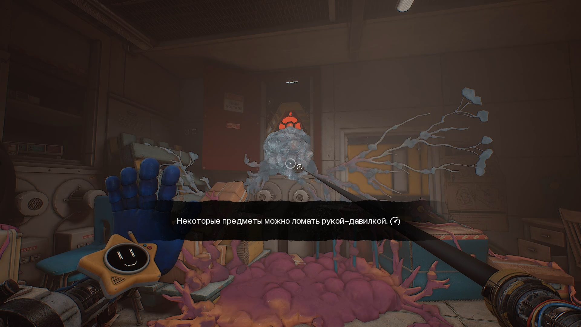 Поднявшись выше по лестнице, вы попадете в комнату, заполненную красным дымом. На полу лежит диск 2. Двигайтесь в конец коридора. Комната справа открыта, двери впереди приоткрыты. Используйте руку, чтобы распахнуть дальнюю красную дверь. Внутри находится огненная панель. Коснитесь ее желтой рукой, после чего войдите в комнату справа и найдите на столе под окном, ведущим в соседнее помещение, горелку. Сначала поверните вентиль для подачи газа, затем активируйте горелку огненной рукой. Взрыв создаст трещину, позволяющую разрушить стекло рукой-давилкой.
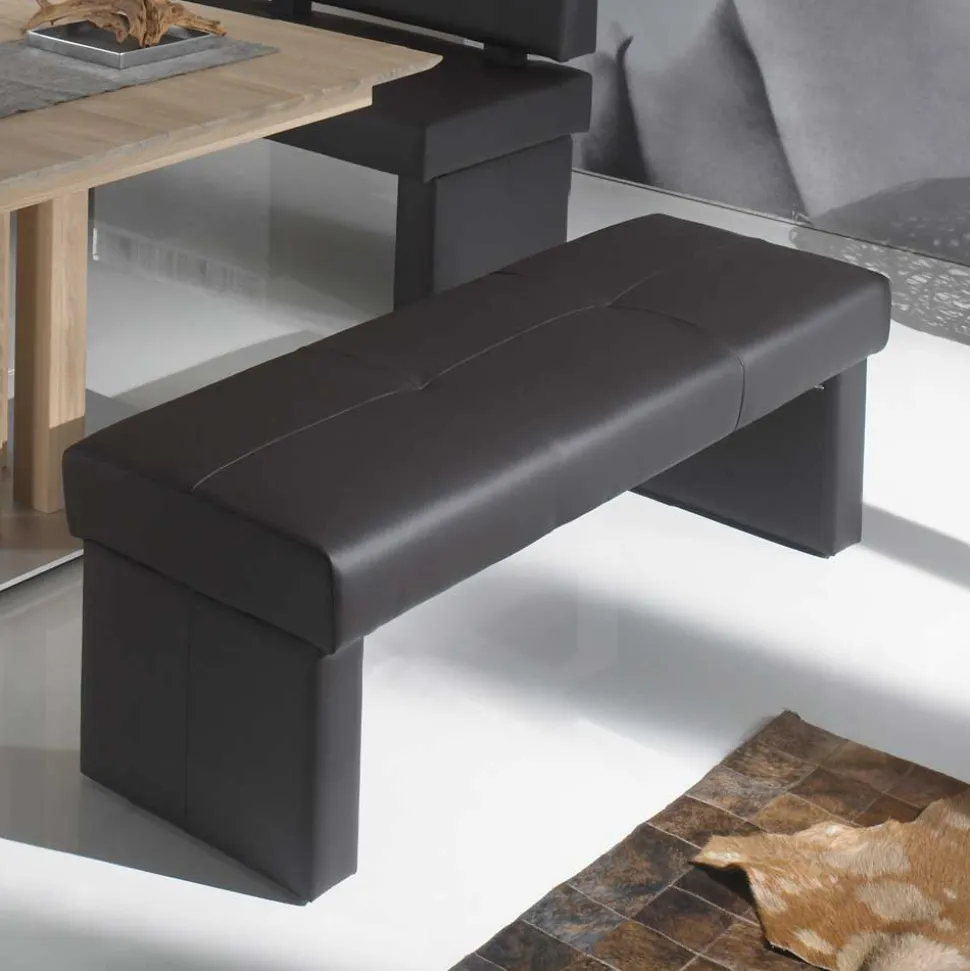 Das stabile Wangengestell sorgt für sicheren Stand und verleiht der Bank eine hochwertige, massive Ausstrahlung. Verarbeitet mit Präzision und Liebe zum Detail, hält Steve auch dem täglichen Gebrauch problemlos stand. Ein robuster Bezug aus dunkelbraunem Kunstleder (100% Polyurethan) rundet das Bild ab – angenehm weich, pflegeleicht und resistent gegenüber Flecken, Kratzern und Abnutzung. Ideal für Haushalte mit Kindern, Haustieren oder einem hohen Anspruch an langlebige Möbel.
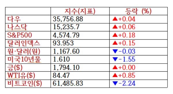 | 지수 | 종가 | 등락폭 | 등락률 | 상승/하락/보합 |
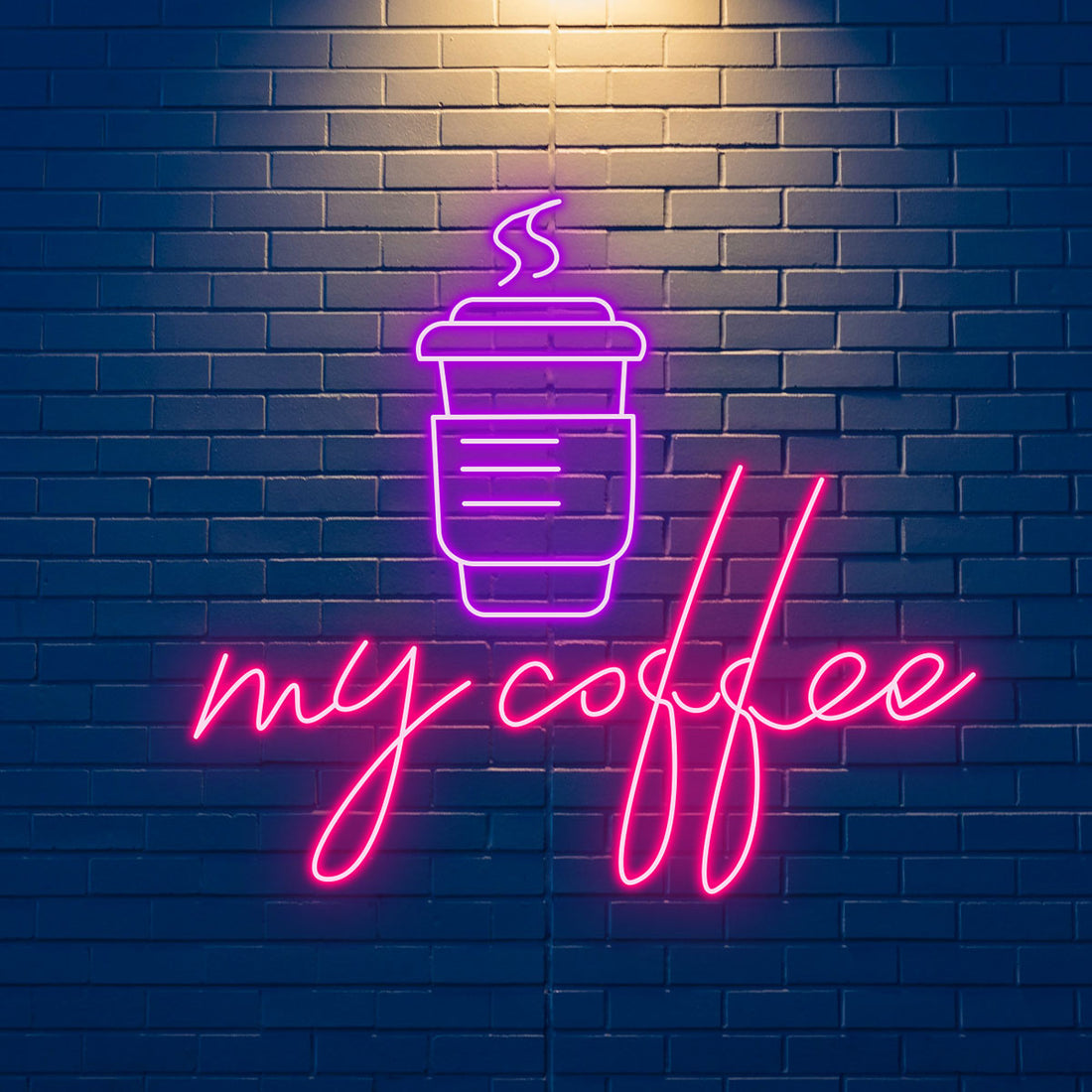 Purple & Hot Pink "my coffee" LED Neon Sign, Custom Coffee Shop Wall Decor Light, Gift for Coffee Bar, Kitchen or Café Lovers Room
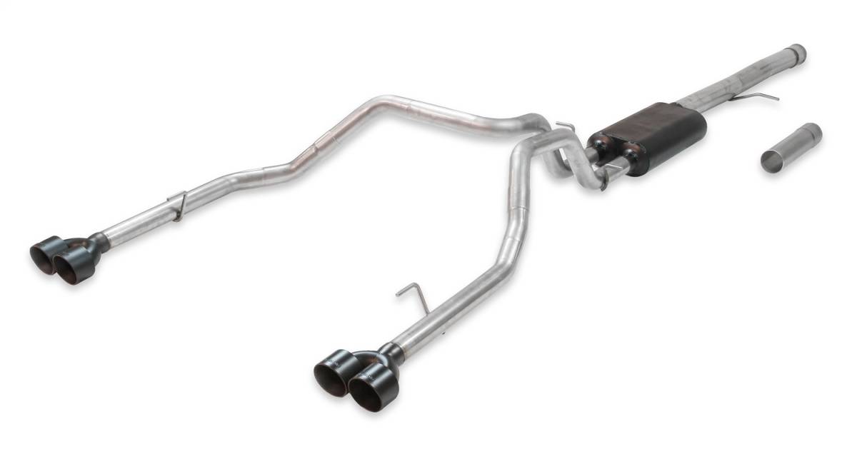 Flowmaster's American Thunder cat-back dual exhaust system for the 2019 GM Silverado/Sierra 1500 (new body style) trucks with the 6.2L engine is perfect for the person looking for an aggressive sound level outside the truck, with a moderate interior tone and all the performance benefits you would expect from Flowmaster. This emissions-legal bolt-on system fits all 6.2L Crew Cab with 5.5-ft and 6.5-ft beds, and all Double Cab with a 6.5-ft bed with factory dual exhaust. Features include a mandrel-bent 3.50-inch stainless steel inlet tube flowing into a single 50 Series HD muffler, dual 2.50-inch mandrel-bent stainless tailpipes replacing the factory resonators and giving your truck some growl. The tailpipes are finished off with quad 4.00-inch black ceramic coated stainless steel tips that exit in place of the factory bolt-on trim bezels giving your truck an aggressive performance style and setting your truck apart from others, sending the message that you would rather lead than follow. Designed for an easy fit, this system includes all necessary parts, detailed instructions and hardware for an easy at home installation. Notes: Fits 147" and 157" wheelbases with 6.2L and Factory Dual Exhaust.
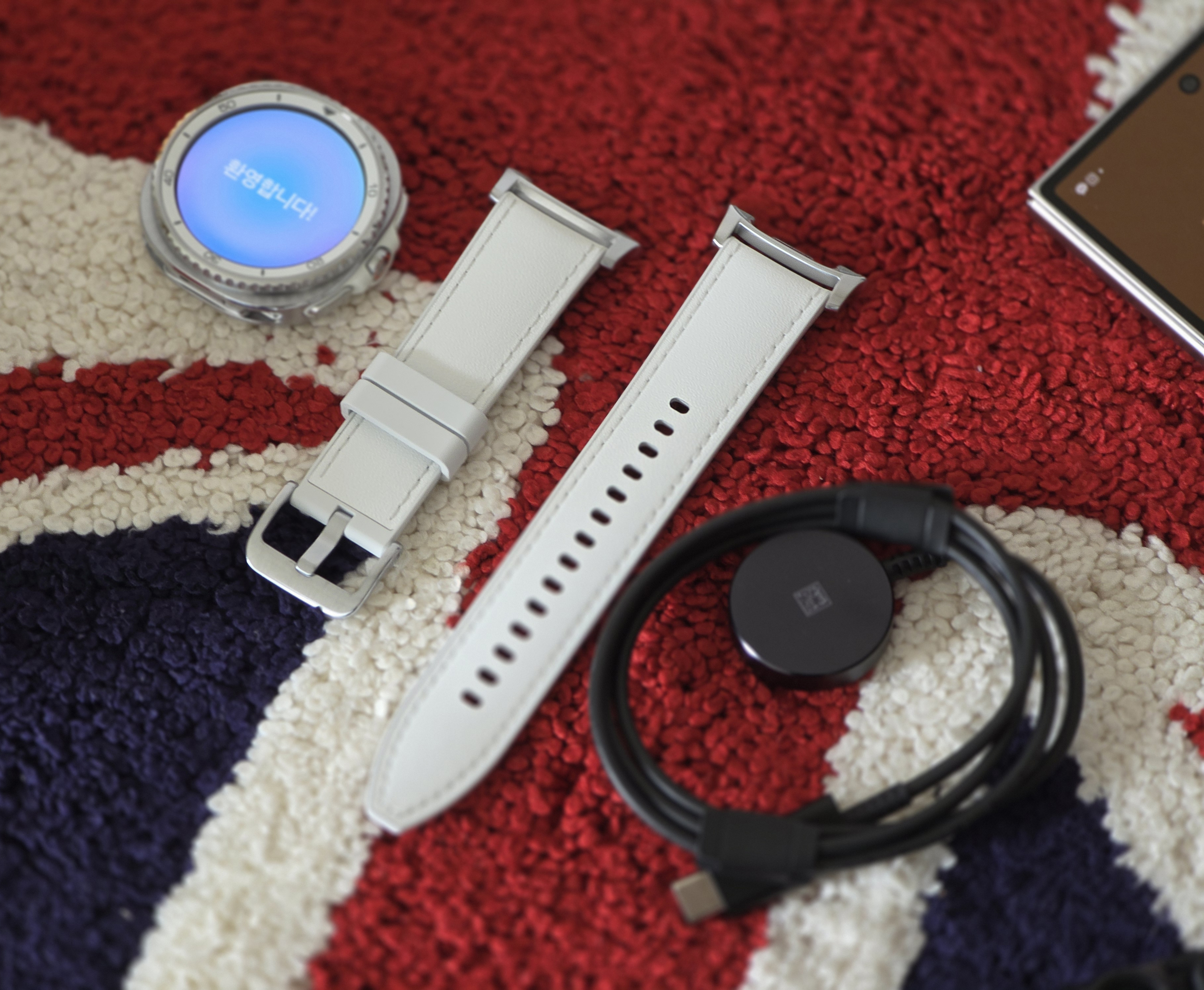 제품의 구성품 박스는 갤럭시 워치 8 클래식 본체 / 기본 동봉 스트랩(생각보다 재질이 좋아요 착용감도 굿!) / 갤럭시 워치 8 충전 케이블 / 사용설명서가 있습니다.
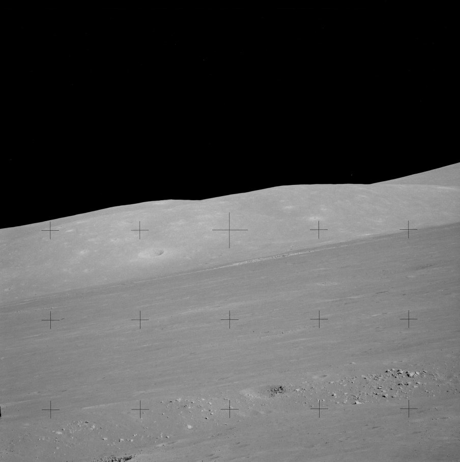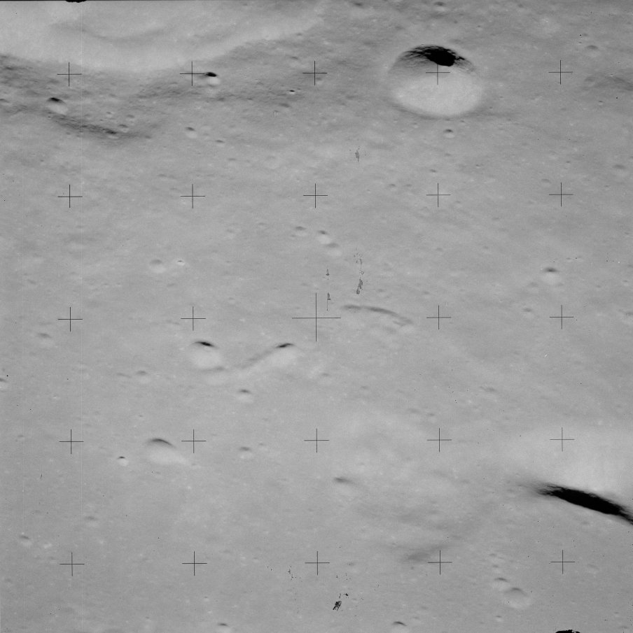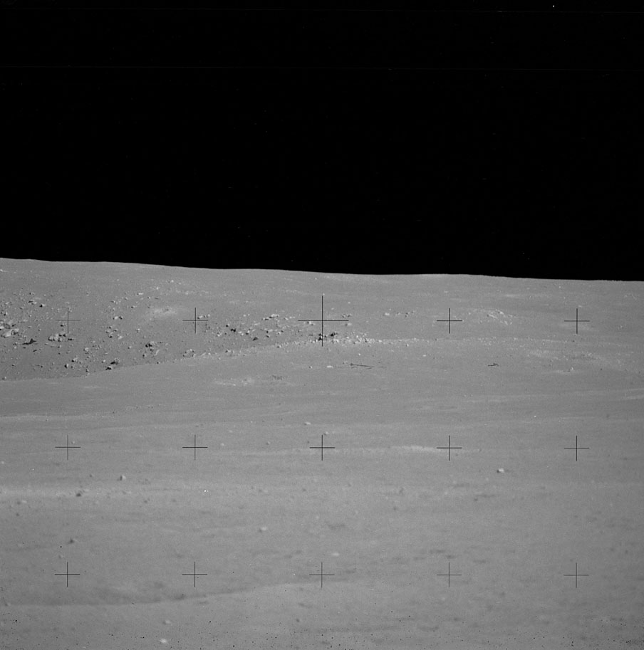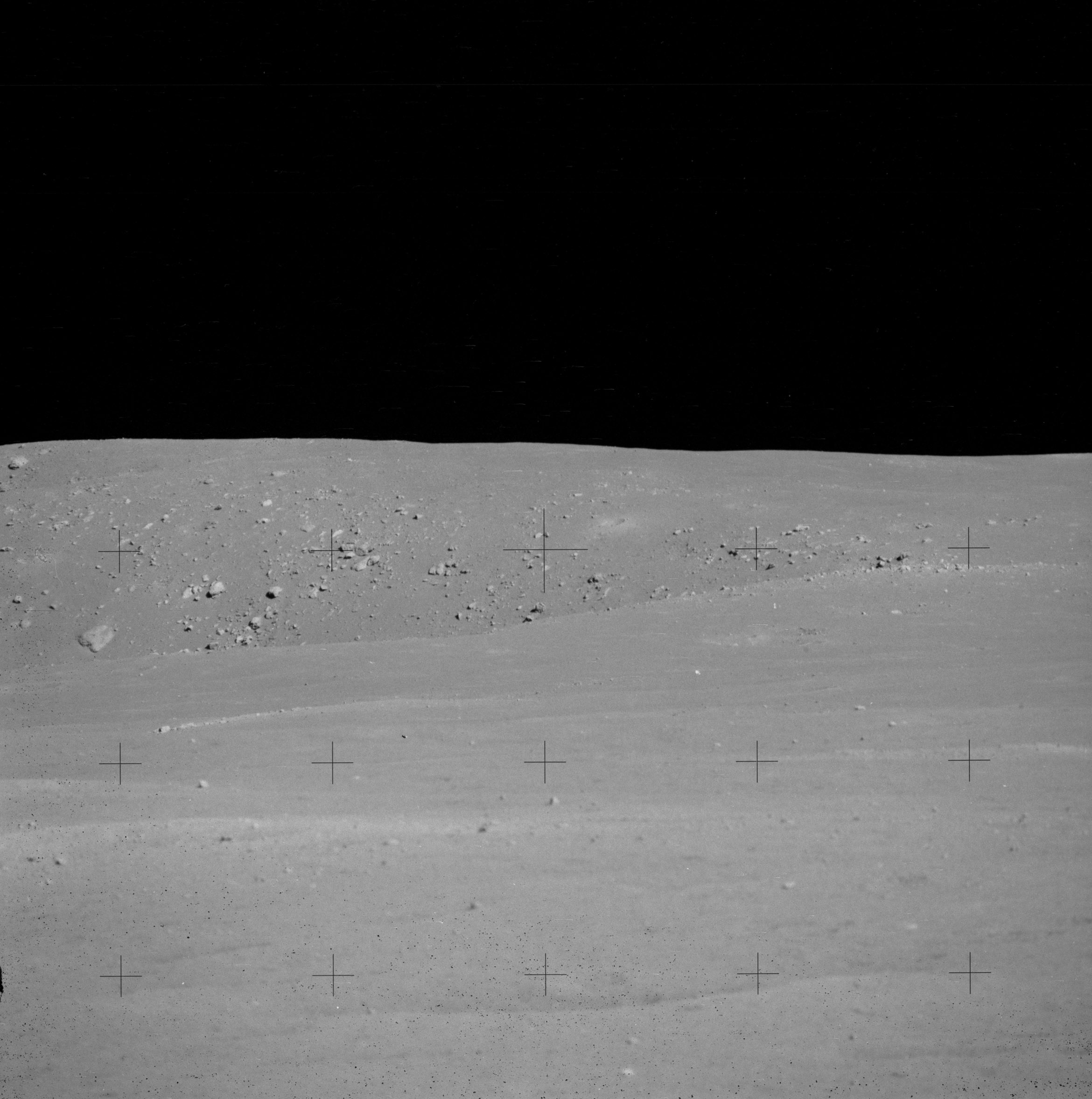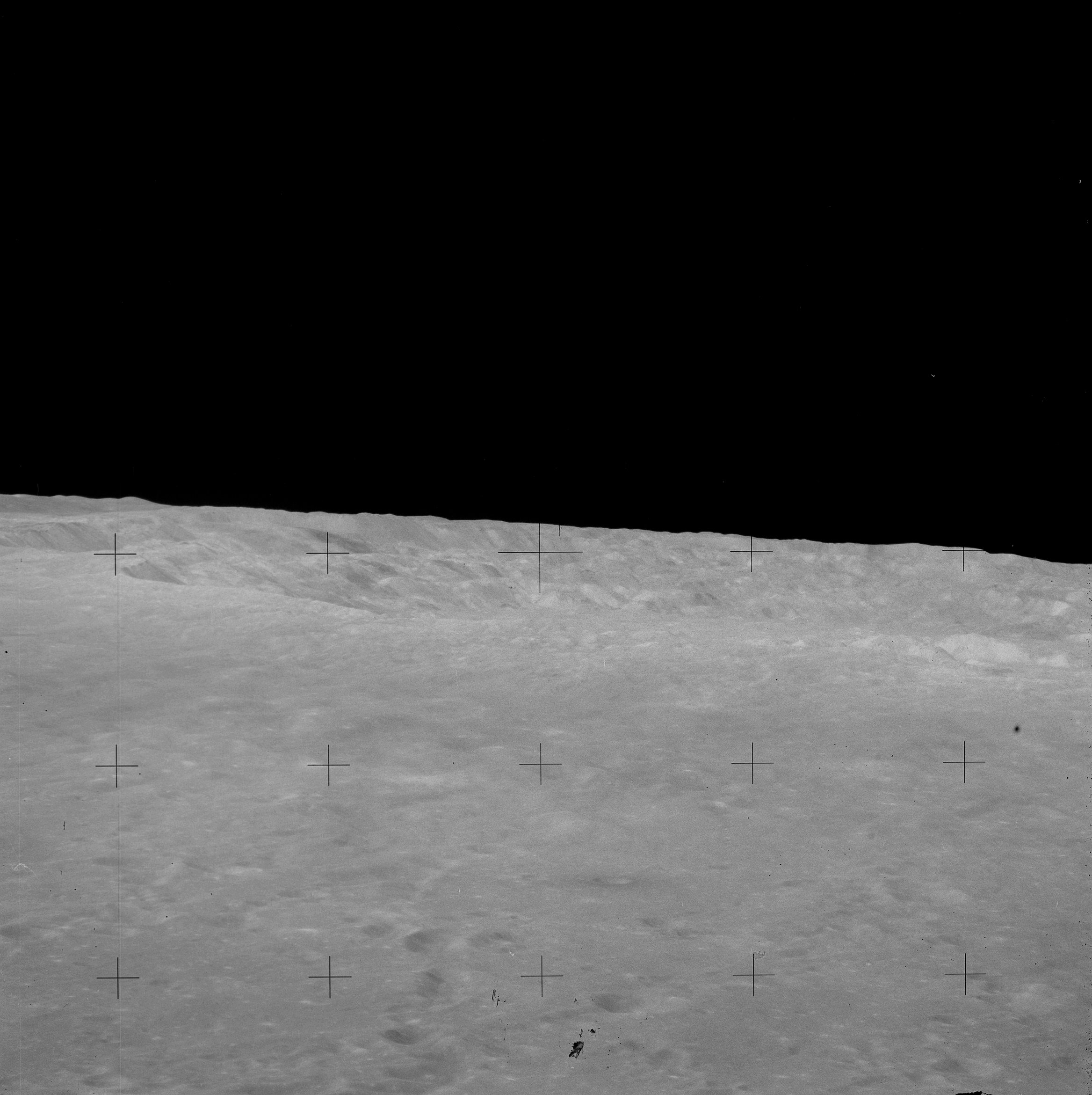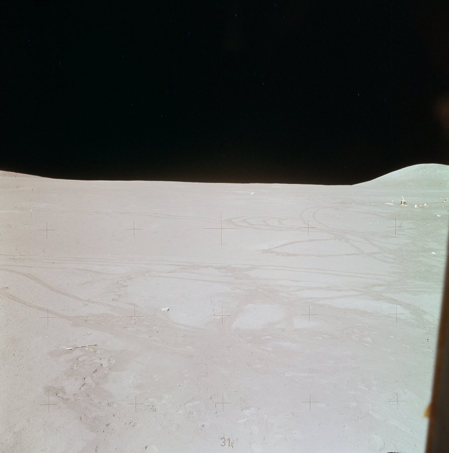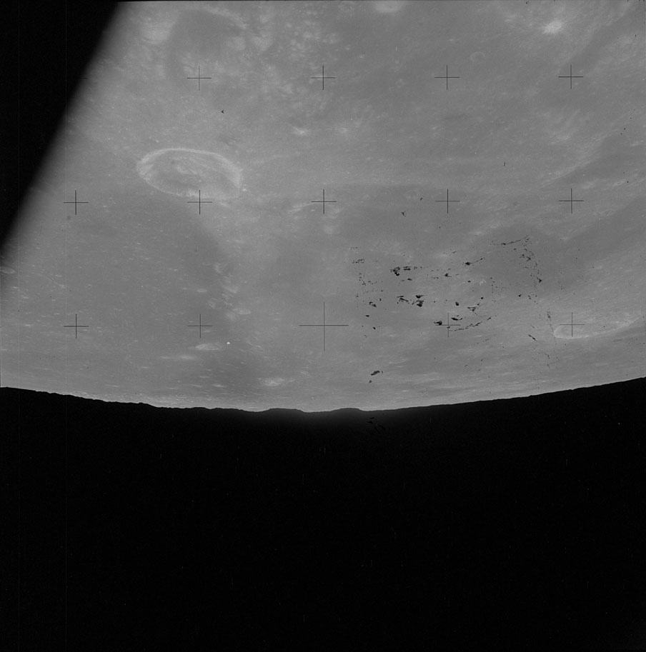 This picture was taken from the LM during CSM Rev 13 on the last pass over the landing site prior to the descent. A labeled version shows some of the prominent landmarks.Rev 16 Mapping (Metric) Camera Frame 0414 ( 13 Mb )
- - -
About this exercise: The first line of the entries, the line containing "Purple & Hot", and every line between them are to be output exactly; pictures are not.

Written answer:
 Поднявшись выше по лестнице, вы попадете в комнату, заполненную красным дымом. На полу лежит диск 2. Двигайтесь в конец коридора. Комната справа открыта, двери впереди приоткрыты. Используйте руку, чтобы распахнуть дальнюю красную дверь. Внутри находится огненная панель. Коснитесь ее желтой рукой, после чего войдите в комнату справа и найдите на столе под окном, ведущим в соседнее помещение, горелку. Сначала поверните вентиль для подачи газа, затем активируйте горелку огненной рукой. Взрыв создаст трещину, позволяющую разрушить стекло рукой-давилкой.
 Das stabile Wangengestell sorgt für sicheren Stand und verleiht der Bank eine hochwertige, massive Ausstrahlung. Verarbeitet mit Präzision und Liebe zum Detail, hält Steve auch dem täglichen Gebrauch problemlos stand. Ein robuster Bezug aus dunkelbraunem Kunstleder (100% Polyurethan) rundet das Bild ab – angenehm weich, pflegeleicht und resistent gegenüber Flecken, Kratzern und Abnutzung. Ideal für Haushalte mit Kindern, Haustieren oder einem hohen Anspruch an langlebige Möbel.
 | 지수 | 종가 | 등락폭 | 등락률 | 상승/하락/보합 |
 Purple & Hot Pink "my coffee" LED Neon Sign, Custom Coffee Shop Wall Decor Light, Gift for Coffee Bar, Kitchen or Café Lovers Room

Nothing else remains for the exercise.